日本の歴史

自由民権運動をわかりやすく解説!背景から主要人物、現代への影響

はじめに – 自由民権運動とは?

この記事では、日本の近代史を語るうえで欠かせない自由民権運動について、初学者の方でもイメージしやすいようにやさしく解説していきます。

自由民権運動とは、明治時代初期におこった、国民が政治に参加できる権利を求める大きなムーブメントのこと。

民主的な社会をめざして活発に展開された運動であり、日本の憲法や議会制がどのように形づくられていったのかを知るための重要なキーワードです!

自由民権運動の背景を知ろう!

明治維新と中央集権体制の確立

自由民権運動を理解するためには、明治時代初期の政治体制をイメージすることが大切です。
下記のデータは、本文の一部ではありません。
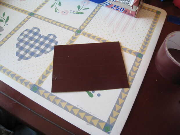 -Cortar un cuadrado / rectángulo de la tarjeta de tablero con las tijeras de cualquier tamaño que desee. (Mina era 4 pulgadas por 5 in.)

江戸幕府が崩壊し、明治政府が誕生したのが1868年(明治元年)。

このとき、新政府は近代国家を築くためにさまざまな改革に着手しました。

廃藩置県によって藩がなくなり、中央から県知事が任命される形で中央集権体制が進められます。

当時の政府は、一刻も早く欧米列強に追いつくことを目標として、富国強兵や殖産興業などの政策を打ち出しました。

しかし、そうした大きな変革の陰で、旧士族を含む多くの人々が不安定な生活に陥ったり、国民の声が政治に反映されない仕組みがつくられていったりという問題も同時に生まれました。

国民の不満と「言論の自由」への渇望

明治政府の改革は急激かつ強引な面もありました。

地租改正によって農民は負担が大きくなり、士族は廃刀令などの政策によって特権を失い、生活の糧を失った者もいました。

さらには、政府の政策に異議を唱えても、当時はまだ「国民が直接政治に参加できる場」が整っていなかったのです。

このように、急激な近代化の裏で生まれた不満や不公平感が人々の間にくすぶっていました。

そこで「自分たちの声を政治に反映させたい!」という要求が高まり、自由民権運動が盛んになっていきます。

これは言わば、国民が自分たちの権利や自由を求める政治参加の運動の始まりでした。

自由民権運動を牽引した人物たち

板垣退助(いたがき たいすけ) – 「民選議院設立建白書」の提唱者

自由民権運動といえばまず思い浮かぶのが板垣退助でしょう。

彼は土佐藩(現在の高知県)出身で、戊辰戦争や明治政府での経験を経て、早くから国民の代表が議会に参加すべきだと考えていました。

1874年に板垣退助、後藤象二郎、江藤新平らが「民選議院設立建白書」を政府に提出したのは有名なエピソードです。

これは、国民の代表による議会(国会)をつくって、そこで政策を決めるべきという主張。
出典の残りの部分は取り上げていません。